8HA

Alice Springs; Australia;
- Broadcast area: Alice Springs
- Frequency: 900 kHz (Alice Springs) 100.5 MHz (Yulara)

Programming
- Format: Talk/Adult Contemporary

Ownership
- Owner: Broadcast Operations Group (Alice Springs Commercial Broadcasters)
- Sister stations: Gold FM, Sun FM

History
- First air date: 2 March 1971

Links
- Website: http://8ha.com.au

= 8HA =

8HA is a radio station based in Alice Springs, Northern Territory, Australia. It broadcasts on the medium wave radio band, at a frequency of 900 kHz. It also broadcasts on radio channel 42 on the Optus Aurora satellite service on Optus C1.

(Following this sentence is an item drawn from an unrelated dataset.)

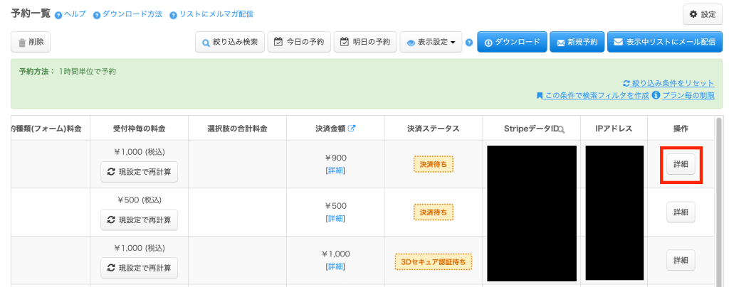 取り消したいクーポンコードを使用した予約の「詳細」をクリックします。

8HA has been on the air since 2 March 1971, and is the only commercial radio station operating on the medium-wave (i.e. AM) band in the Northern Territory (the only other station to do so, 8DN in Darwin, was shut down in the 1990s).

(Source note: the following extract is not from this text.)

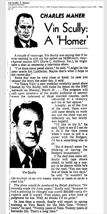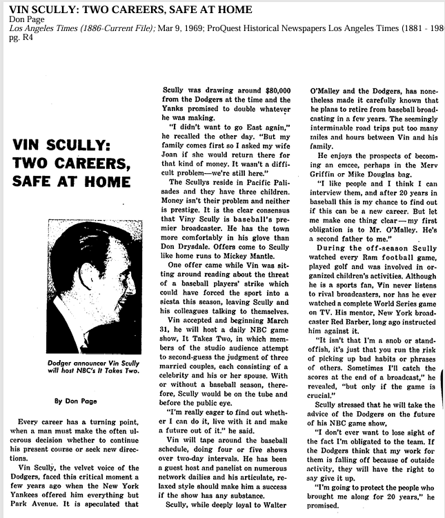 In the research for the book that could add depth and context about Vin Scully and his life, we found various published material that made it into the manuscript and other pieces that didn’t. Here we present and preserved more martial. Stories going back to the 1950s and beyond, and others posted most recently, continue top tell the Scully story (*links to the items are in the boldface in the dates):

The current format is a mixture of talk and music, with the positioning statement "The Best Songs Of All Time."

==Announcers==
- Sandee Beech (Breakfast)
- Chris Smith (Mornings)
- Mel Elliot (AM News)
- Adrian Renzie (Central Australia Today)
- Steve Hooper (Afternoons)
- Alan Peters (Drive) [Prior Manager]
- Cameron Jackson (PM News)
- Graeme Gilbert (Talk Tonight)
- Gary Stewart (Talk Overnight)
- David Wood [Died 1986]

==Networked Shows==
Various shows are sourced from other Australian radio stations including
A-League Nation, NRL Nation and Super Rugby Nation on (Friday, Saturday and Sunday afternoons / evenings / nights).